Just like many Gen Z friend groups, my friends and I have a Discord server. We mainly use it for communication when we play video games together. But we also have some random channels - one of these is the “pancake” channel, where we collect, earn, and gamble a fake digital currency (pancakes) using a “pancake bot”. There are typical gambling games like blackjack and slots, for which much ink has been spilled concerning probability and statistics-informed strategies for winning. I have no more than a terribly basic understanding of those games. However, one of the pancake games is called with a command “p! highlow”. I choose to just call the game “Highlow”. There is no bet involved, so it’s not gambling, but you do earn pancakes if you win. 20 of them, to be exact. So the stakes are SUPER high.
Here’s how it works: a random integer from 1 to 100 is generated. The player must then decide whether an additional randomly generated integer from 1 to 100 (excluding the first one) will be higher or lower. After this, a new number is generated, and if the player is correct, they win the game (and 20 pancakes). Otherwise, they don’t lose or gain any pancakes.
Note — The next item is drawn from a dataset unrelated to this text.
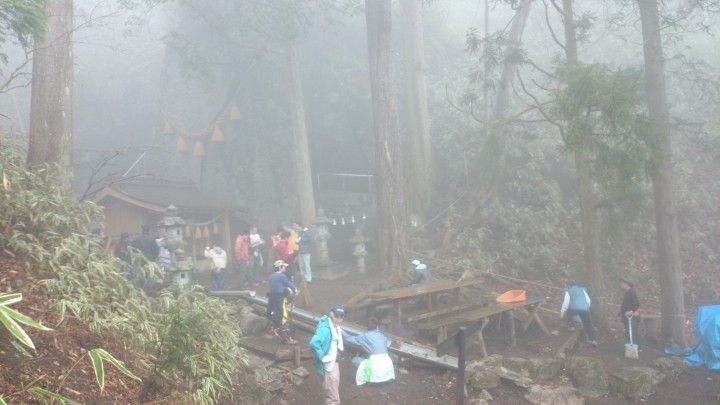 今日は朝から石割神社の道普請が行われました。地域住民の協力の元、石割神社までの参道がとても綺麗になりました。天気は霧雨状態で残念ながら壮大な景色は見ることは出来ませんでした。天気が良ければすばらしい景色が望めますので、一度足を運んでみてはいかがでしょうか。駐車場から石割神社までは40分ほどです。

It’s a straightfoward game. The best strategy for winning is intuitive - if our first number (let’s call it $n_1$) is 50 or below, we should select “high” since there are more numbers above $n_1$ than below (between 1 and 100). Otherwise, we should select “low”. The approximate chance of winning (given we know $n_1$) is also straightforward to see - if $n_1$ is 34, then you have around a 66 percent chance of winning (one percent for each number above 34 and at most 100), while a draw of 82 yields around an 81 percent chance of winning (one percent for each number below 82 and at least 1). We’ll figure out the exact percentages later, but the big idea is: The further your number is from the middle, the better your chances of winning.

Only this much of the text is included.